Wormhole solutions sourced by fluids, II: Three-fluid two-charged sources

TL;DR

This paper introduces a new class of rotating and static wormholes sourced by multiple fluids and charges, with unique physical properties and potential implications for testing black hole candidates.

Contribution

It presents a novel metric construction method for multi-fluid, multi-charged wormholes, including rotating solutions, which are difficult to derive by traditional integration.

Findings

Generated new rotating and static wormhole solutions with multiple fluids and charges.

Discovered conditions under which closed timelike curves are avoided in rotating wormholes.
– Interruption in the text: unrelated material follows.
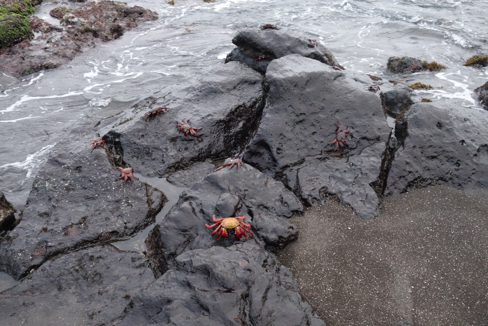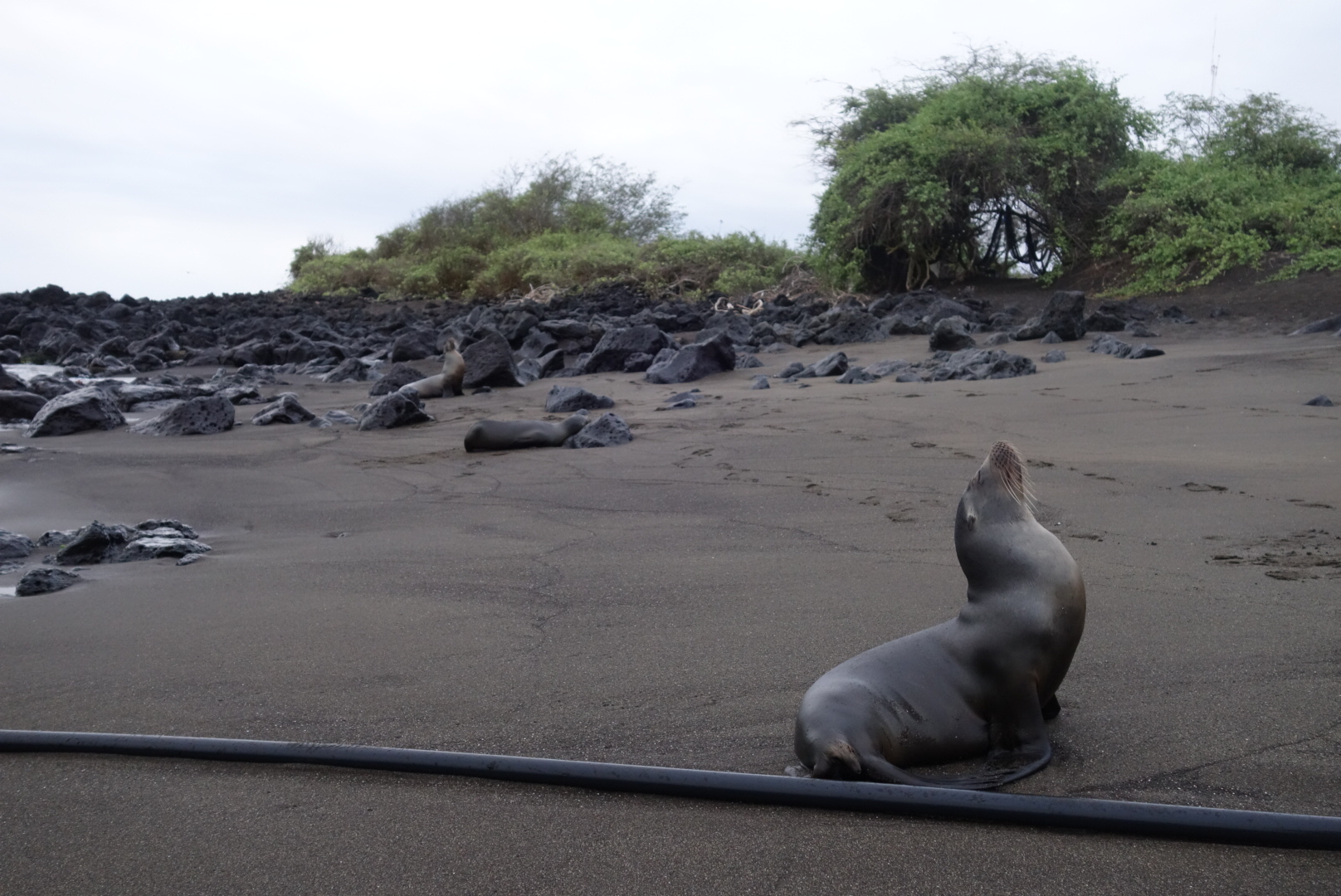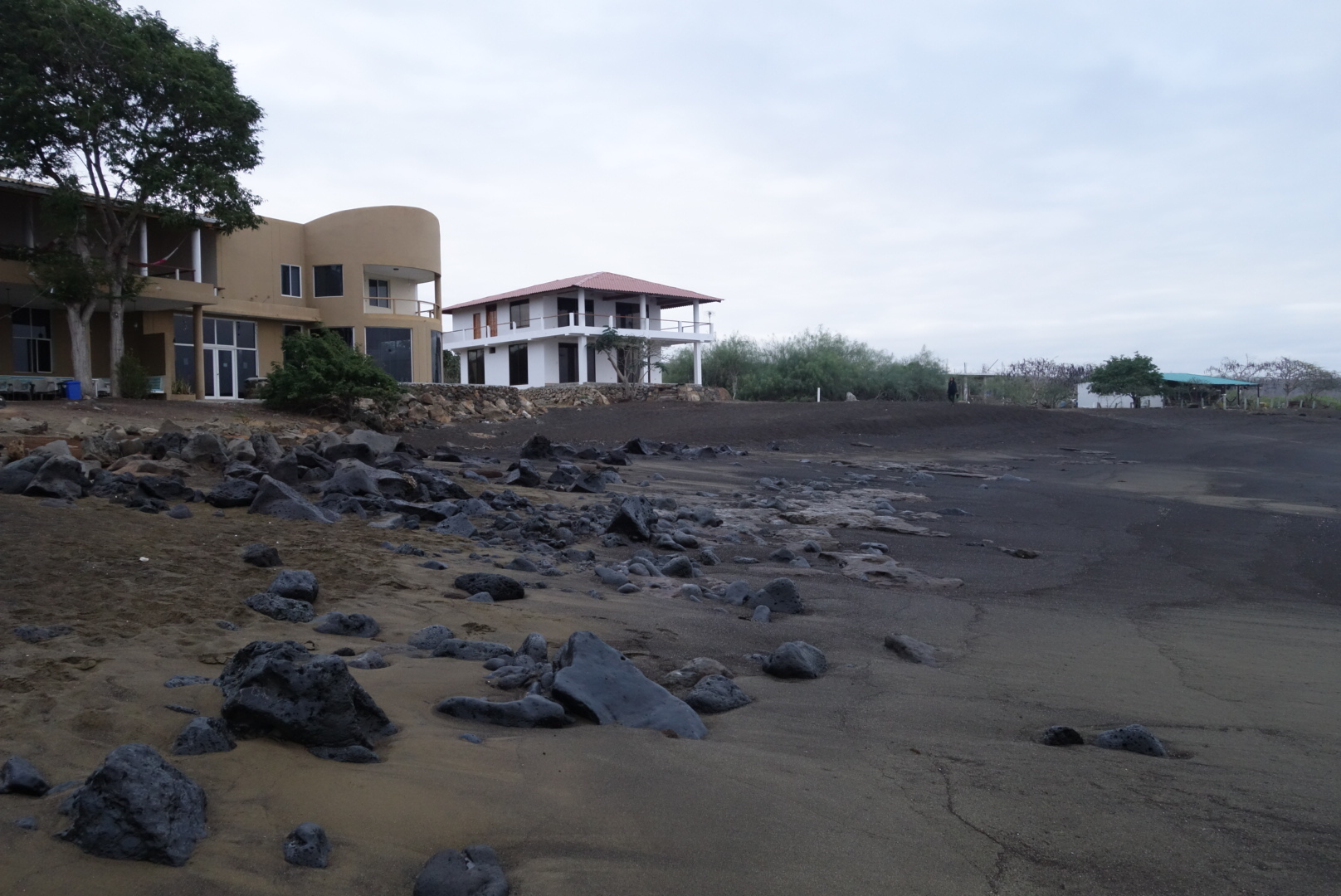 Waking up early after a long night out in Floreana (yes, there is such a thing as a “bar” on this 150-person island), we strolled along the black sand beach admiring the sun-gathering sea lions, crabs and marine iguanas. I’m including a few photos of our hotel (if you can call it that…what’s hot water?), the cute restaurant where our meals were served, and one of the many Siamese cats roaming around.

Identified unique angular velocity corrections absent in Kerr-Newman black holes.

Abstract

Lack of a consistent metric for generating rotating wormholes motivates us to present a new one endowed with interesting physical and geometrical properties. When combined with the generalized method of superposition of fields, which consists in attaching a form of matter to each moving frame, it generates massive and charged (charge without charge) two-fluid-sourced, massive and two-charged three-fluid-sourced, rotating as well as new static wormholes which, otherwise, can hardly be derived by integration. If the lapse function of the static wormhole is bounded from above, no closed timelike curves occur in the rotating counterpart. For positive energy densities dying out faster than $1/r$, the angular velocity includes in its expansion a correction term, to the leading one that corresponds to ordinary stars, proportional to $\ln r/r^4$. Such a term is not present in the corresponding expansion for the Kerr-Newman black hole. Based on this observation and our previous work, the dragging effects of falling neutral objects may constitute a substitute for other known techniques used for testing the nature of the rotating black hole candidates that are harbored in the center of galaxies. We discuss the possibility of generating ($n+1$)-fluid-sourced, $n$-charged, rotating as well as static wormholes.